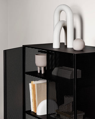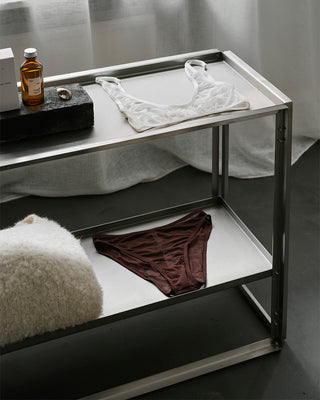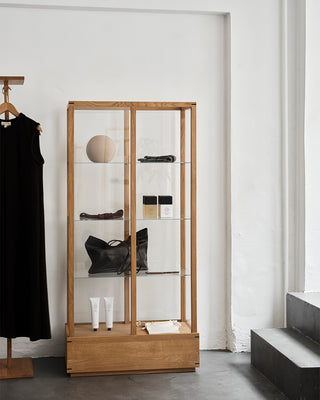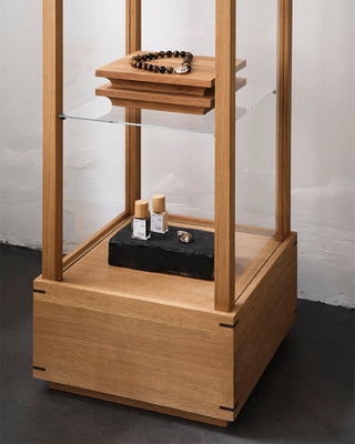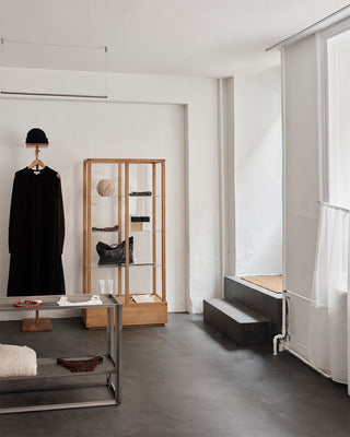 The front part of the shop is designed with honest materials: raw walls, concrete floors, and furniture in oiled oak and stainless steel. Our Japanese Cabinets and Foldable Console create a serene frame around the curated selection — a carefully chosen blend of vintage pieces and collections from brands with a sustainable vision. Delicate jewellery and beauty products are displayed on airy glass shelves, while lace and silk are highlighted in striking contrast to the raw surface of the Foldable Console in stainless steel.
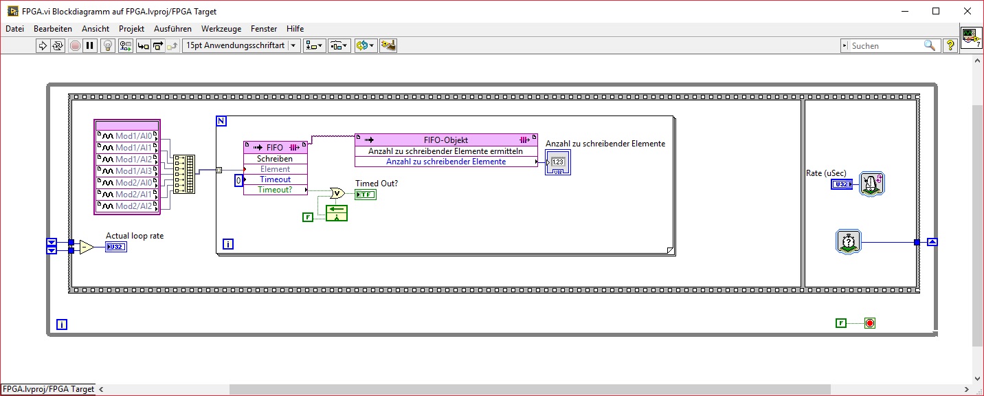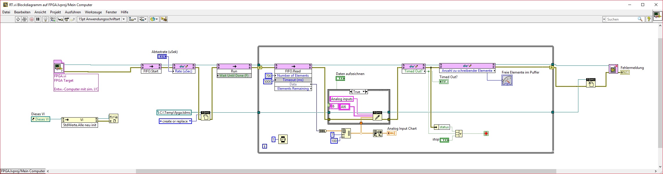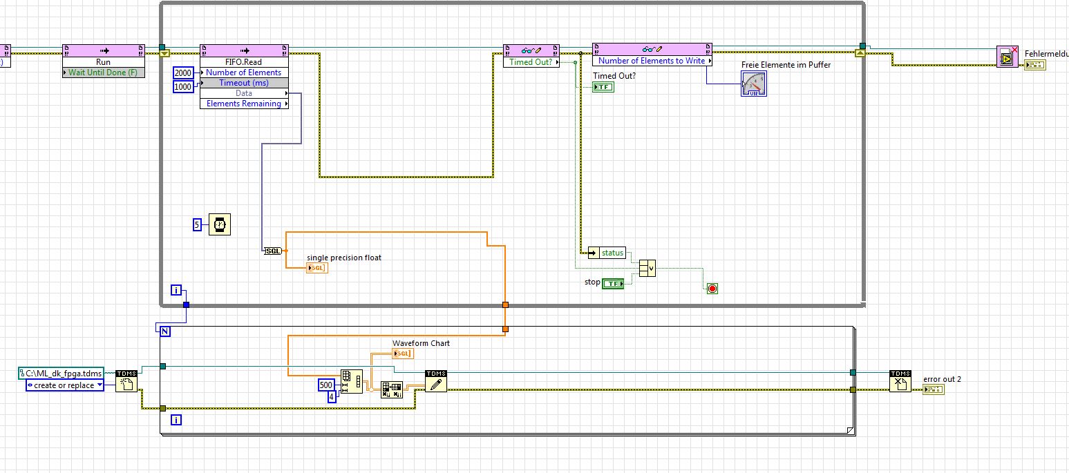 ich schreibe gerade meine Masterarbeit und muss dafür eine Hochgeschwindigkeits Messung in Labview programmieren. Das Ziel ist 7 Signale mit jeweils 100kHz abzutasten. Dafür habe ich ein cRIO 9082 und 2 Module mit jeweils 4 analogen Eingängen. Nun habe ich schon herausgefunden, dass ich dafür wohl sowohl FPGA als auch den cRIO programmieren muss und habe mir mit Hilfe dieses Tutorials eine Anwendung gebastelt. Solange ich mir die Messdaten nur anzeigen lasse, erreiche ich auch die 10usec (100kHz) Abtastzeit. Sobald ich allerdings beginne die Daten in eine TDMS Datei zu schreiben dauert es vielleicht eine halbe Sekunde und ich bekomme einen Timeout. Ich vermute es liegt daran, dass die TDMS Datei nicht schnell genug geschrieben und damit der FIFO nicht schnell genug geleert wird.
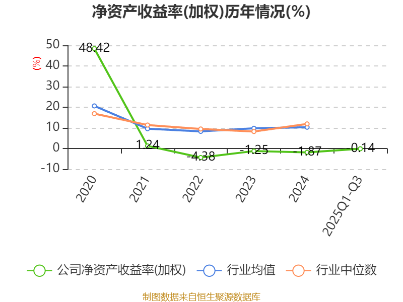 盈利能力方面, 2025年前三季度公司加权平均净资产收益率为-0.14%,同比上升1.41个百分点。公司2025年前三季度投入资本回报率为-0.07%,较上年同期上升1.61个百分点。
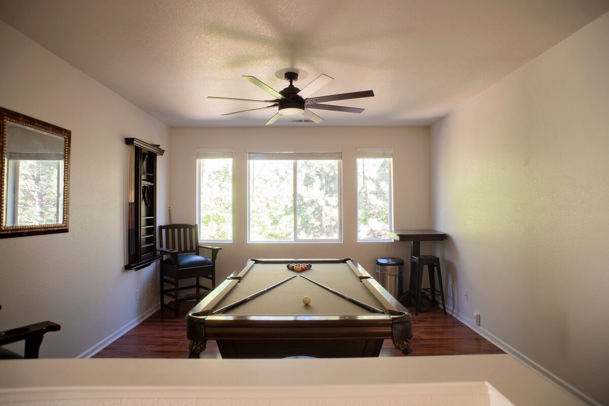 The whole group will enjoy easy access to everything from this centrally located home. Northwest Reno is the best location to stay, no matter where you plan on going or need. This house is ready for large groups! Spacious with 8 beds strategically placed to maximize livable area. 4 queen beds 2 twins daybeds 1 full size in bunk 1 full sofa pullout downstairs all featuring premium bedding Backyard features 90% shade cover, offering a refreshing outdoor relaxed chillout.
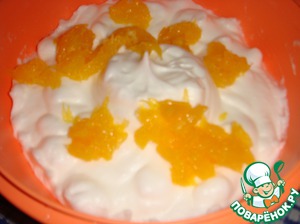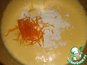 Добавить муку, тертую цедру 1/2 апельсина, масло,
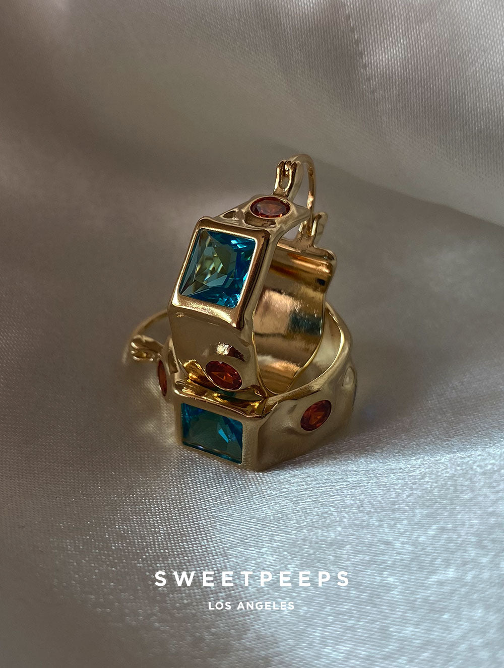 A breezy pop of pastel elegance: gold-dipped earrings with soft celadon-teal accents and modern drop silhouette. Stack them, gift them, wear them solo, either way your ear game just leveled up.
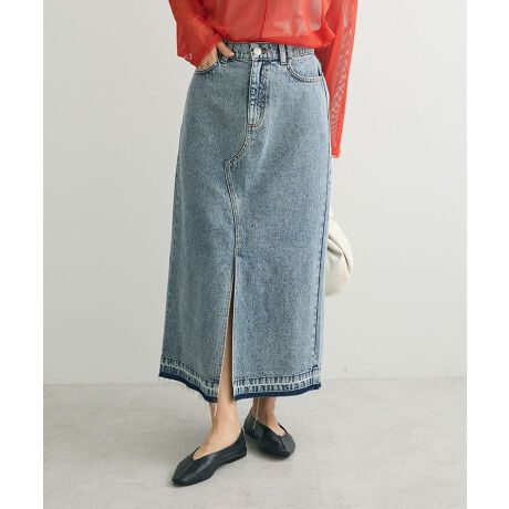 ウォッシュド加工のライトなカラーが魅力的なデニムスカート。フロントに深めのスリットを施したロングストレートのスタイリッシュなシルエットがポイントです。裾のアウトラインはカットオフでカジュアルな抜け感をプラス。バックゴム仕様で楽に着用出来、デイリーに合わせられるおすすめのアイテムです。透け感[なし]

********

### What needs to be done
Return the line containing "The whole group" and every line after it through the end of the records above, exactly and nothing else, but not the pictures.

### Result below
 The whole group will enjoy easy access to everything from this centrally located home. Northwest Reno is the best location to stay, no matter where you plan on going or need. This house is ready for large groups! Spacious with 8 beds strategically placed to maximize livable area. 4 queen beds 2 twins daybeds 1 full size in bunk 1 full sofa pullout downstairs all featuring premium bedding Backyard features 90% shade cover, offering a refreshing outdoor relaxed chillout.
 Добавить муку, тертую цедру 1/2 апельсина, масло,
 A breezy pop of pastel elegance: gold-dipped earrings with soft celadon-teal accents and modern drop silhouette. Stack them, gift them, wear them solo, either way your ear game just leveled up.
 ウォッシュド加工のライトなカラーが魅力的なデニムスカート。フロントに深めのスリットを施したロングストレートのスタイリッシュなシルエットがポイントです。裾のアウトラインはカットオフでカジュアルな抜け感をプラス。バックゴム仕様で楽に着用出来、デイリーに合わせられるおすすめのアイテムです。透け感[なし]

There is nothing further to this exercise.